Supplied data:
□ □ □ □ □ □ □
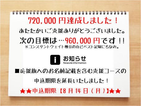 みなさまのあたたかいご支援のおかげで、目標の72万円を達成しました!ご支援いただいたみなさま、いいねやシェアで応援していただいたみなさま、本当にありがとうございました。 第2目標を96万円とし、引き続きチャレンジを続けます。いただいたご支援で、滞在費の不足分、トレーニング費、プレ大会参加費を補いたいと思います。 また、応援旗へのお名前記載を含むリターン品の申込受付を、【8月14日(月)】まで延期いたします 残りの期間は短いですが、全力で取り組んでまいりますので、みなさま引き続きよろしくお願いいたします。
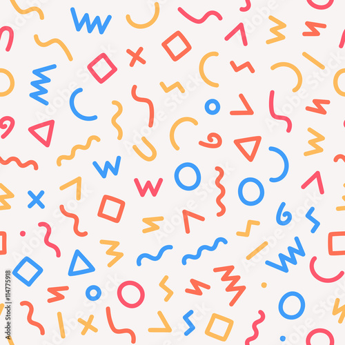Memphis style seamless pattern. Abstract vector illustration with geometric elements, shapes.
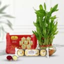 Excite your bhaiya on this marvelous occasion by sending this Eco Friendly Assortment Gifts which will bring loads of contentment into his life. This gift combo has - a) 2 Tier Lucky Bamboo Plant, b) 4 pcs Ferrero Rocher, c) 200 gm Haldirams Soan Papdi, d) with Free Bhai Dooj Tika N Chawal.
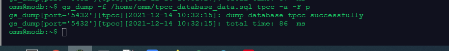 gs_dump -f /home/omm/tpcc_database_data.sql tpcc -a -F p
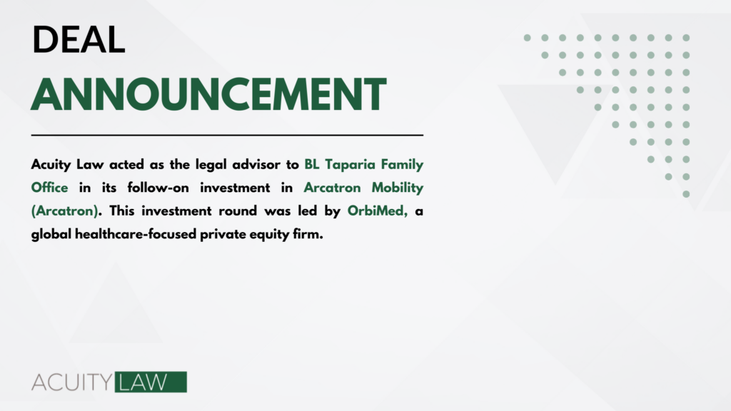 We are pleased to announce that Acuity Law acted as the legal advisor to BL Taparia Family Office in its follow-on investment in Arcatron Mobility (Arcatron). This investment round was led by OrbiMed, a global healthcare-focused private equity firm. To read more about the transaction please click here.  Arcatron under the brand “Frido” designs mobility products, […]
□ □ □ □ □ □ □
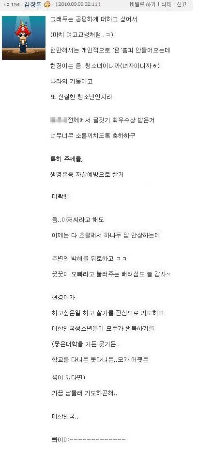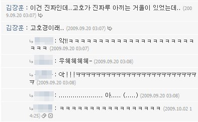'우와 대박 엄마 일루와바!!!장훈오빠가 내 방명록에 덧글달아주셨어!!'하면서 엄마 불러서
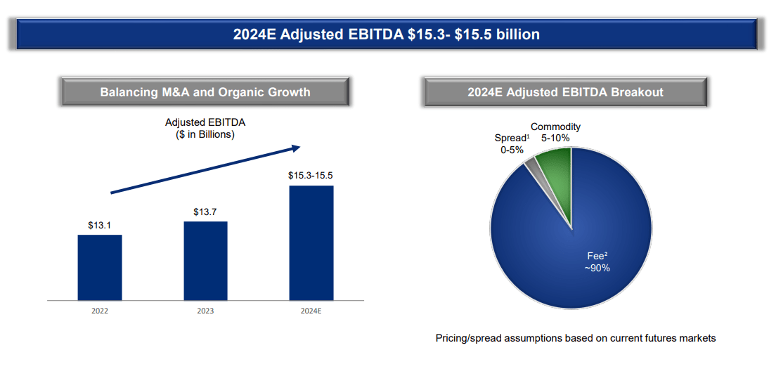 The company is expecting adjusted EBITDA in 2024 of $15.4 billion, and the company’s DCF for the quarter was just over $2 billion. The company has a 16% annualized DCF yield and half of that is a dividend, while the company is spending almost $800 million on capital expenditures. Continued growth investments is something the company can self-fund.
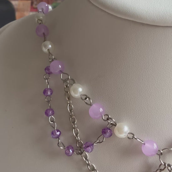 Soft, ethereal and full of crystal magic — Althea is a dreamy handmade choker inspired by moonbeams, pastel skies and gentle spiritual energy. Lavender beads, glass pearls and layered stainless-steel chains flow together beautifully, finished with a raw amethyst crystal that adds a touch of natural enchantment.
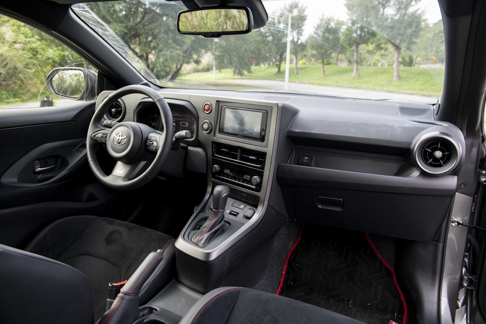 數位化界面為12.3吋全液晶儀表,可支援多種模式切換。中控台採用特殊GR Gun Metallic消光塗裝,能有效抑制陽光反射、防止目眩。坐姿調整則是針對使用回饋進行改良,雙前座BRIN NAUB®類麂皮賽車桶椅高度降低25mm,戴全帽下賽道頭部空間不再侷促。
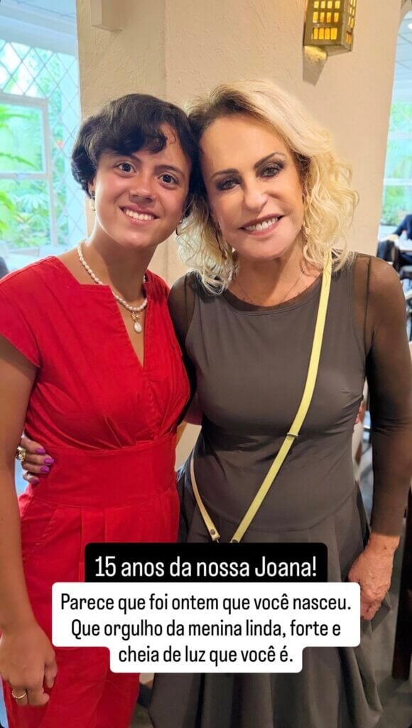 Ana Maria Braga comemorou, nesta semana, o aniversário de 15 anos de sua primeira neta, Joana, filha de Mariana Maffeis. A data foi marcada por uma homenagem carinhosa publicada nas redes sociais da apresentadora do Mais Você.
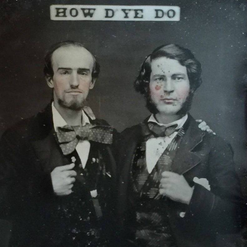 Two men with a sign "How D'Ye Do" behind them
□ □ □ □ □ □ □
Instructions to follow: Return exactly the part of the listing above that opens with the line containing "The company is expecting" and closes with the line containing "Two men with". Pictures stay out.

Task output:
 The company is expecting adjusted EBITDA in 2024 of $15.4 billion, and the company’s DCF for the quarter was just over $2 billion. The company has a 16% annualized DCF yield and half of that is a dividend, while the company is spending almost $800 million on capital expenditures. Continued growth investments is something the company can self-fund.
 Soft, ethereal and full of crystal magic — Althea is a dreamy handmade choker inspired by moonbeams, pastel skies and gentle spiritual energy. Lavender beads, glass pearls and layered stainless-steel chains flow together beautifully, finished with a raw amethyst crystal that adds a touch of natural enchantment.
 數位化界面為12.3吋全液晶儀表,可支援多種模式切換。中控台採用特殊GR Gun Metallic消光塗裝,能有效抑制陽光反射、防止目眩。坐姿調整則是針對使用回饋進行改良,雙前座BRIN NAUB®類麂皮賽車桶椅高度降低25mm,戴全帽下賽道頭部空間不再侷促。
 Ana Maria Braga comemorou, nesta semana, o aniversário de 15 anos de sua primeira neta, Joana, filha de Mariana Maffeis. A data foi marcada por uma homenagem carinhosa publicada nas redes sociais da apresentadora do Mais Você.
 Two men with a sign "How D'Ye Do" behind them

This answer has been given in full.